この記事は1年以上前に掲載されたものです。

『イノセンツ』ポスター、エスキル・フォクト監督

夏休みの子供たち。大人の目の届かないところで遊んでいた彼らが、密かにサイキック・パワーに目覚めていたら……? ノルウェーの団地を舞台に、テレキネシスやテレパシーの能力を手にした子供たちの緊張感溢れる日常を生々しく切り取るスリラー『イノセンツ』。本作が7月28日よりいよいよ公開される。

脚本・監督を務めたのは、ヨアキム・トリアー監督作の『テルマ』や『わたしは最悪。』などで共同脚本を手掛けてきたエスキル・フォクト。
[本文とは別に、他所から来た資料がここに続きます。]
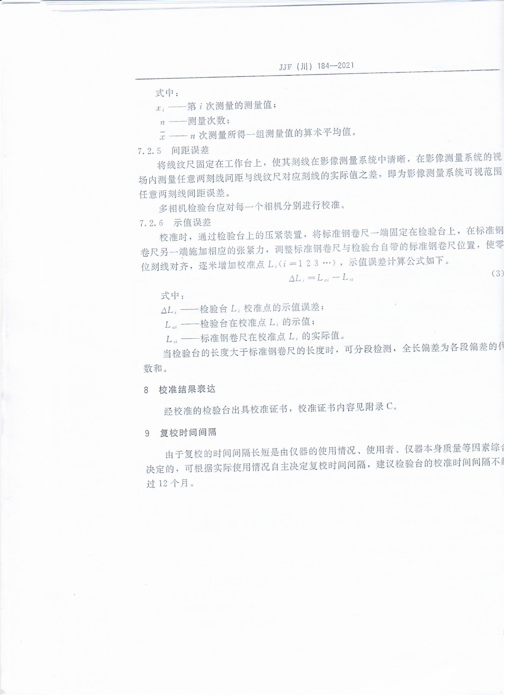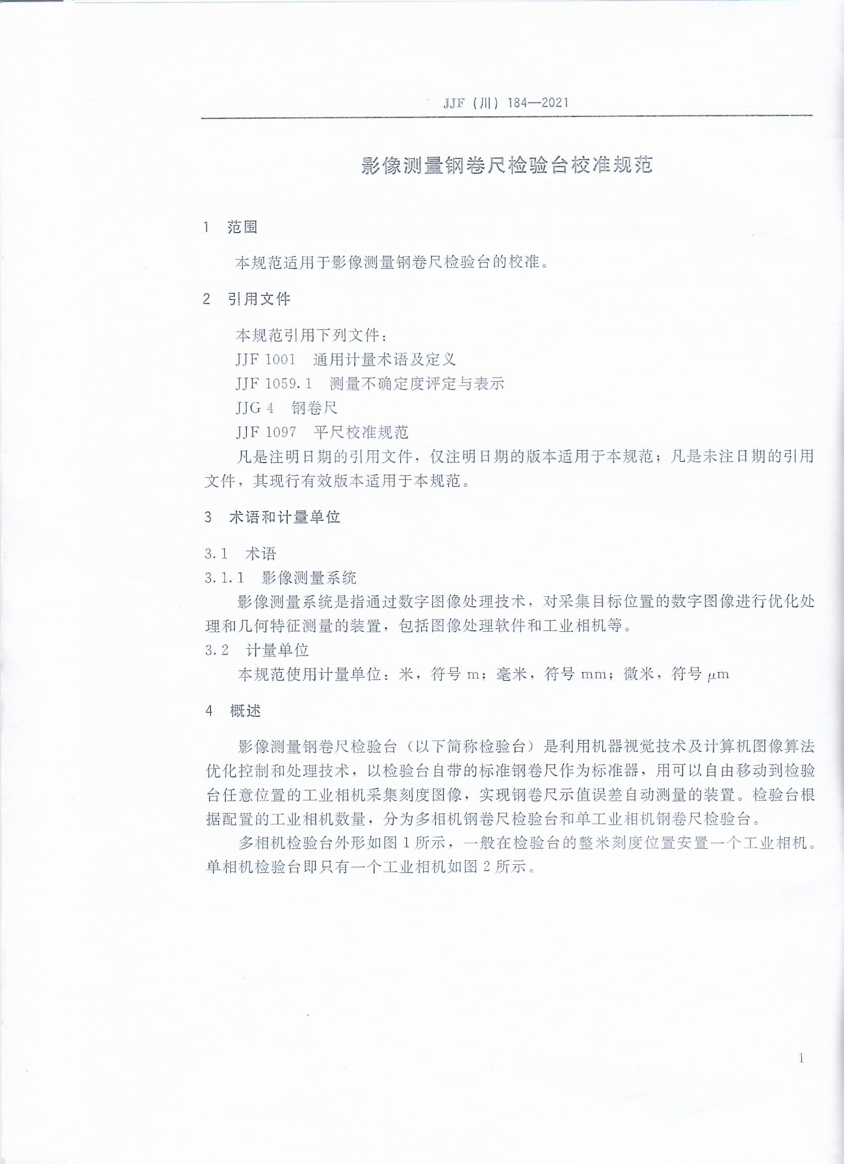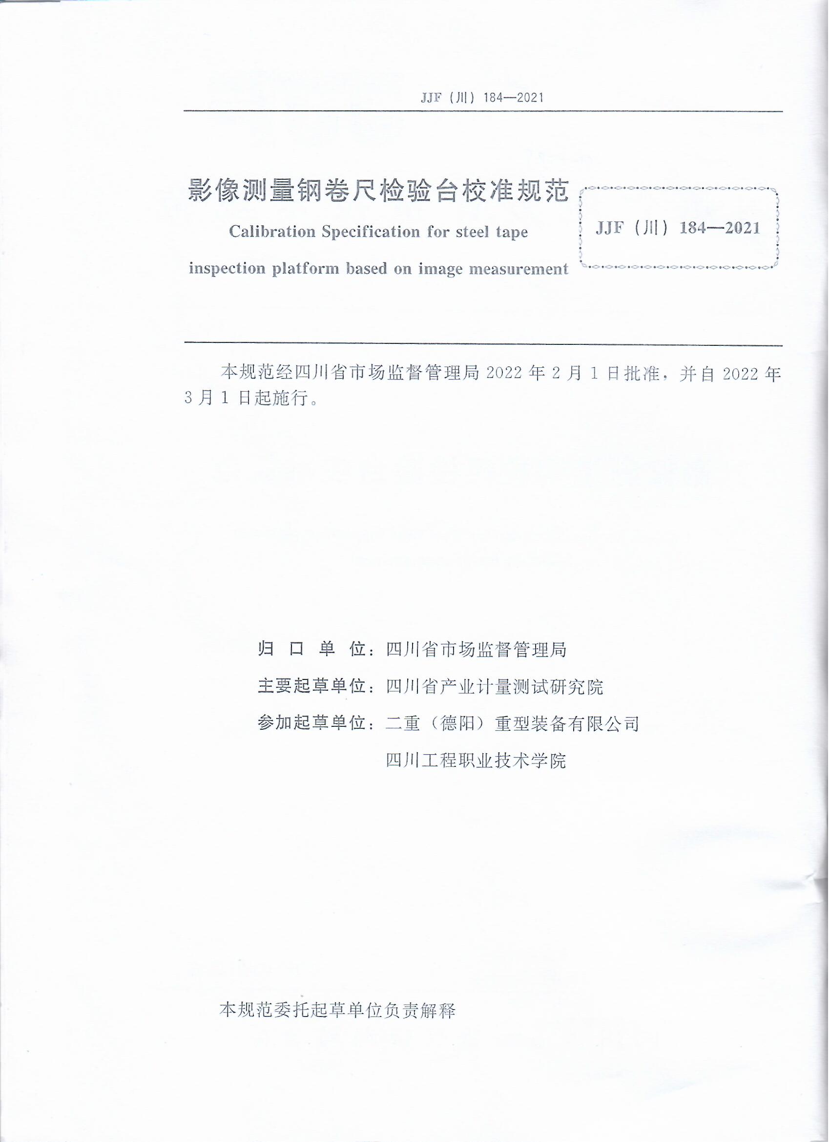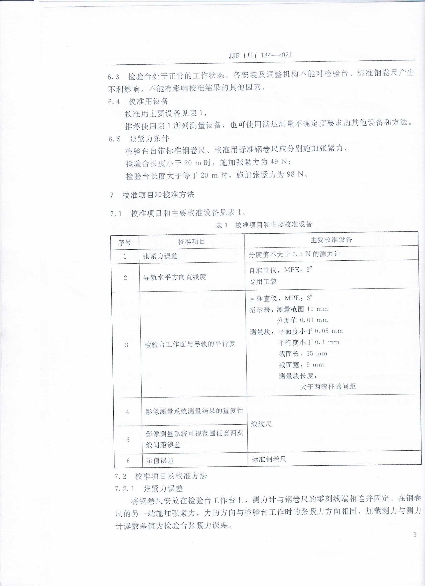 JJF(川)184-2021影象丈量钢卷尺查验台校准规范(

彼がインタビューに応じ、『テルマ』とのアイデアのつながり、静かなサイキック・バトルシーンが生まれた理由、ホラー映画ファンだというフォクト監督のホラーのこだわりなどについて語ってくれた。

エスキル・フォクト監督 インタビュー

『イノセンツ』エスキル・フォクト監督と主演キャスト4人エスキル・フォクト監督と主演の4人。めちゃくちゃキマってる! © Christian Breidlid

――『テルマ』に通じる題材を持った作品ですが、ヨアキム・トリアーとともに『テルマ』を作ったことは本作のビジョンに影響を与えているのでしょうか。
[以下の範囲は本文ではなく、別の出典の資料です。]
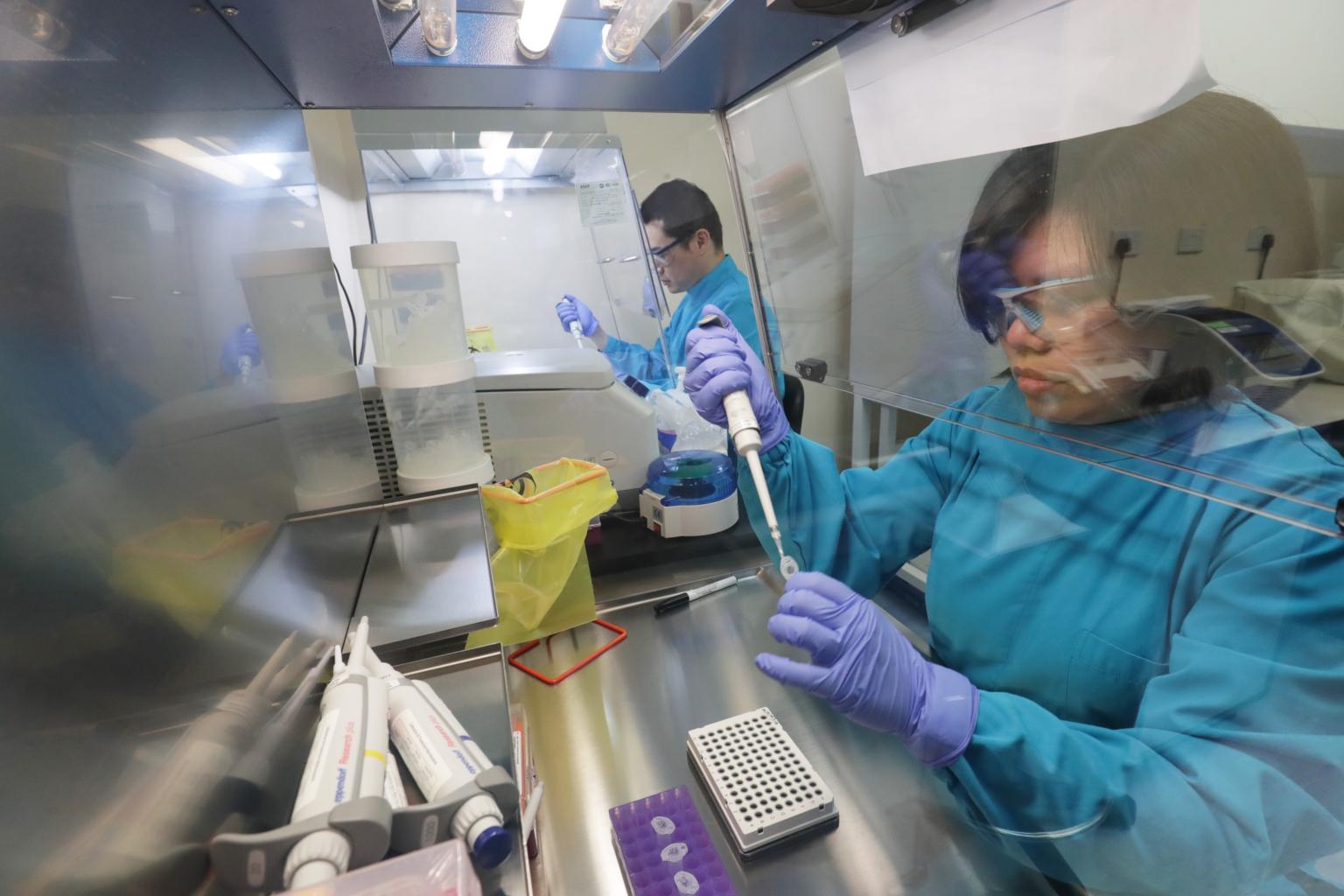 In a photo taken on Feb 10, 2020, laboratory technicians at the Agency for Science, Technology and Research’s Diagnostics Development Hub work on a diagnostic kit to test whether patients have the coronavirus.

エスキル・フォクト監督:もちろん。ヨアキムと一緒に作品に取り掛かる際は、何もない白紙の状態から作り始めるんです。『テルマ』の時は、僕たちが好きな映画の題材でこれまでにやっていなかった、ホラーや超能力にまつわる面白いストーリーが作れないかと考えていた。それで、子供の頃に好きだったホラー作品を観返したり、読み返したりしたんです。スティーヴン・キングの小説なんかもね。実は、今回の『イノセンツ』がアメリカで公開された時、スティーヴン・キング本人が観に来て作品を気に入ってくれたのは本当に嬉しかったです。

そして、今作に大きな影響を与えている大友克洋の『童夢』も昔から大好きな作品で、それも読み返した後、「超能力を持った子供たちの映画を撮るのはどう?」とヨアキムに提案したんです。遊び場で一緒に遊んでいると、不思議な力を発揮することができるんだけど、団地の家に帰ると力がなくなっている。ただの想像の出来事かと思ったら、そうではなくて、不思議な力は実際に起きていた。なぜなら子供同士が遊ぶと、不思議なことがいろいろ起きるものだから……というね。でもヨアキムには全く引っ掛からなかった(笑)。

何千もあったアイデアの中のボツ案の一つに過ぎなかったんですが、ただこのアイデアだけは『テルマ』の脚本を書いた後もずっと脳裏にあった。それで今作の脚本を書き始めたんです。つまり『テルマ』と『イノセンツ』は同じブレストの中から生まれたわけだから、2作に繋がりを感じるのも当然でしょうね。

『イノセンツ』場面写真

――本作では、純粋であるがゆえに残酷にもなれる子供たちの姿が興味深い形で描かれています。監督ご自身はこういった純粋性に畏怖を感じますか。それとも何か別の印象を持ちますか。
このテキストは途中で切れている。